A mudança na carga tributária pode afetar contratos de longo prazo firmados antes da vigência do novo sistema. A Lei nº 14.133/2021 (Nova Lei de Licitações) e a Lei Complementar nº 214/2025 preveem o direito ao reequilíbrio econômico-financeiro quando há alteração significativa nos tributos.
Se a transição para o IVA dual reduzir a carga tributária efetiva do fornecedor, a administração pública tem o dever de revisar o contrato para baixo, repassando a economia ao erário. Por outro lado, se houver aumento de custos operacionais (por exemplo, necessidade de adequação de sistemas, contratação de consultoria, aumento de alíquotas), o fornecedor pode solicitar o reequilíbrio para cima.
O pedido deve ser formalizado por escrito, com planilha demonstrando o impacto da mudança na equação econômico-financeira original. É fundamental ter registros contábeis e fiscais que comprovem a variação, especialmente a segregação de custos por contrato. Sem essa segmentação, fica difícil defender a margem em pleitos de reequilíbrio.
Quais os desafios operacionais e tecnológicos para os fornecedores?
Para se adequar ao novo modelo, o fornecedor precisa atualizar seus sistemas de gestão (ERP) para suportar:
- Novo layout da NF-e com campos de IBS e CBS.
- Apuração assistida dos tributos (cálculo automático por fora).
- Identificação do grupo gCompraGov nas operações com o governo.
- Segmentação de custos e tributos por contrato (para pleitos de reequilíbrio).
Empresas que não atualizarem o ERP correm o risco de emitir notas inválidas a partir de agosto de 2026, o que pode paralisar o faturamento. Além disso, sistemas que ainda calculam tributos por dentro gerarão divergências entre o valor destacado na nota e o esperado pelo fisco, aumentando a chance de malha fina.
Outro desafio é o treinamento da equipe fiscal e comercial. O time de vendas precisa entender que o preço proposto deve ser líquido de tributos, e o time fiscal precisa dominar o novo layout e as regras de validação. A falta de alinhamento pode resultar em propostas com margem errada ou notas rejeitadas.
Perguntas frequentes
O que é IBS e CBS?
IBS (Imposto sobre Bens e Serviços) é o imposto de competência estadual e municipal que substitui ICMS e ISS. CBS (Contribuição sobre Bens e Serviços) é a contribuição federal que substitui PIS e Cofins. Juntos formam o IVA dual brasileiro.
A partir de quando as notas com IBS e CBS são obrigatórias?
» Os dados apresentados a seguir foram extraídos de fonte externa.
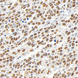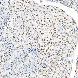 | IHC检测Phospho-p38 (T180/Y182)蛋白(货号 GB153380). 样品: 人宫颈癌, 4%多聚甲醛 (货号G1101) 固定12-24小时. 抗原修复: 柠檬酸抗原修复液(干粉, pH 6.0) (G1201), 高压锅均匀喷气计时2分钟. —抗: 1: 500稀释, 4℃ 孵育过夜. 二抗: HRP标记山羊抗兔IgG (H+L) (货号GB23303), 1: 200稀释, 室温孵育1小时. |
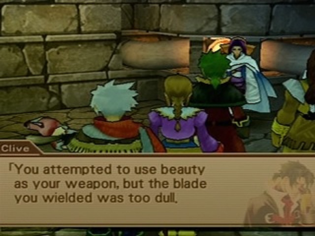 As a boss, M’lady is a complete pushover, not least because her psychotic rage means she only ever targets Clive. As he’s a freaking tank in comparison to the others, this tactic doesn’t quite pay off for her. “I will not forgive you for trampling over my feelings! Or my beauty!” she bawls prior to one of her ineffective attacks. Christ almighty, let it go. In all seriousness, her particular brand of crazy is starting to scare me, and her boss music isn’t helping. After a few more turns of trying to punish Clive with her “Eliminate Scanner” — I’m not quite sure how her attacks work, so I’m going with nanomachines — she keels over, melodramatically soliloquizing, “I need more Panakeia in my circulatory system…has [Feelgayer] denied my existence?” Most probably, since that’s what I’ve been trying to do for the past twenty minutes. Also, I take it “Panakeia” is the brand of anti-psychosis meds she’s been forgetting to take.
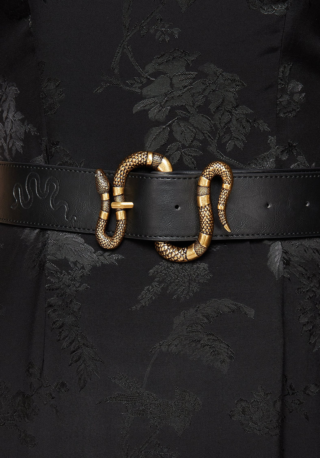 - Black faux leather debossed jeans belt with brass snake buckle
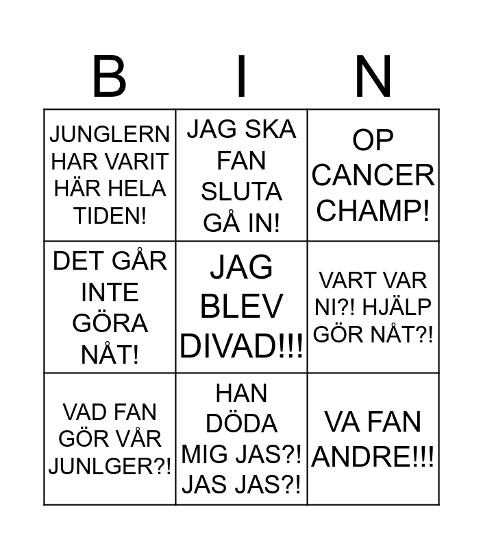This bingo card has 9 words: VAD FAN GÖR VÅR JUNLGER?!, OP CANCER CHAMP!, JAG SKA FAN SLUTA GÅ IN!, DET GÅR INTE GÖRA NÅT!, JUNGLERN HAR VARIT HÄR HELA TIDEN!, VART VAR NI?! HJÄLP GÖR NÅT?!, JAG BLEV DIVAD!!!, VA FAN ANDRE!!! and HAN DÖDA MIG JAS?! JAS JAS?!.
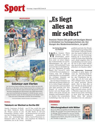 Dominic Thiem (29) greift am heutigen Abend in Kitzbühel ins Turniergeschehen ein. Der Hunger des Niederösterreichers „ist groß“.
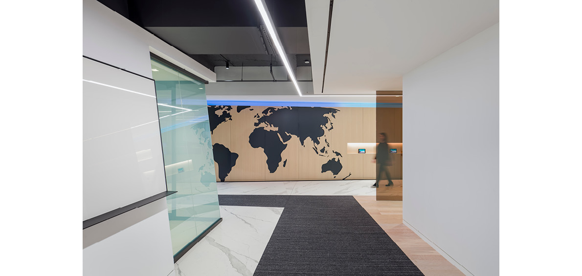 AICPA’s New York City office embodies the sophistication and innovation of an established professional organization. A custom, large-scale map displays AICPA’s global reach, while dynamic forms and volumes in the architecture signal a culture of innovation and leadership.
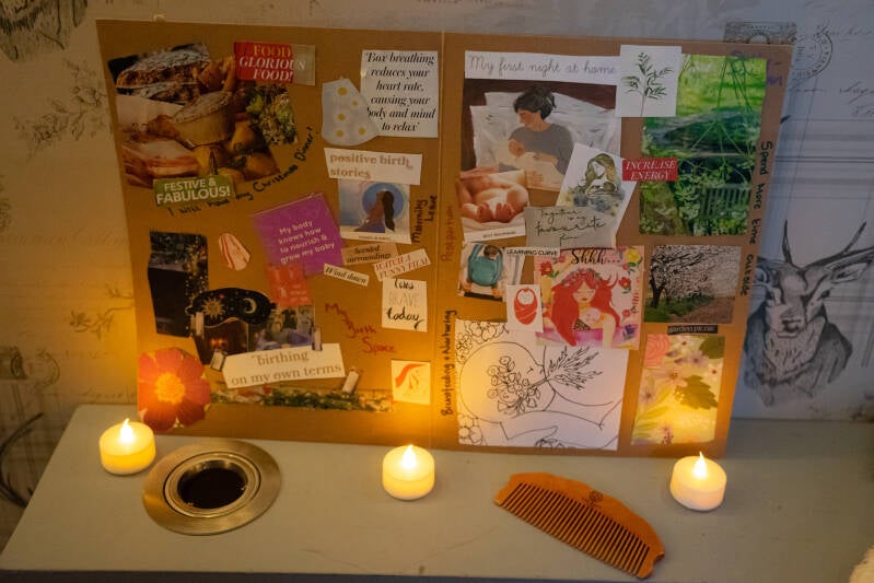 I woke on the 5th at 2am to my toddler screaming and refusing to go back to bed. I couldn’t get down to her level through discomfort so my partner stayed with her and I got back into bed. I felt a surge, bigger than the niggles I’d had before, which came and went. I relaxed into bed and put on some meditations. A few more came and went and seemed to be around 15 minutes apart. I couldn’t sleep through them so just opted for rest instead with affirmations and hypnobirthing tracks in the background. Eventually by around 6am, they spread right out to 40 minutes apart. I texted my doula (and my partner from the other room), to let them know what was happening and that I felt that we MIGHT be on the way.
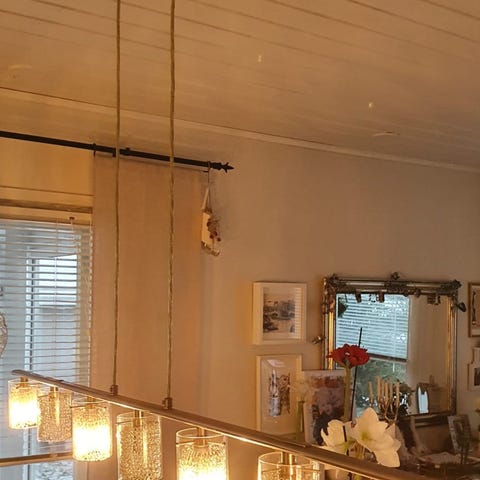Ellos Home Rafael kattovalaisin kolmella lampulla. Lamppujen pituutta saa säädettyä kierittämällä narua tangon ympäri.
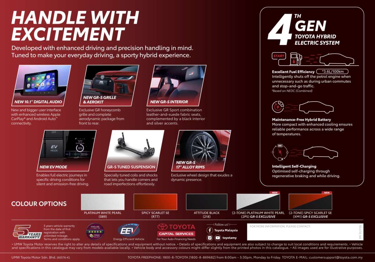 - 1.5 HEV GR Sport AT ราคาโดยประมาณ 109,900 ริงกิต หรือ 848,000 บาท

A partir de 3 de agosto de 2026, toda nota fiscal eletrônica emitida para a administração pública deve conter o detalhamento de IBS e CBS. Notas sem esses campos serão rejeitadas automaticamente.
O que fazer se meu contrato com o governo foi firmado antes da reforma?
O contrato pode ser reequilibrado financeiramente. Se a carga tributária aumentou, o fornecedor pode pedir reequilíbrio para cima. Se diminuiu, a administração deve reduzir o valor. O pedido deve ser acompanhado de planilha comprobatória.
Preciso atualizar meu ERP para vender ao governo?
Sim. O ERP precisa estar preparado para calcular tributos por fora, emitir NF-e com os novos campos e identificar a operação no grupo gCompraGov. Sistemas desatualizados podem gerar notas inválidas e perda de créditos tributários.
Como fica o SICAF com a reforma tributária?
O SICAF (Sistema de Cadastramento Unificado de Fornecedores) continuará sendo exigido para habilitação em licitações federais. A reforma tributária não altera o cadastro, mas os documentos fiscais e contábeis apresentados deverão refletir o novo regime tributário.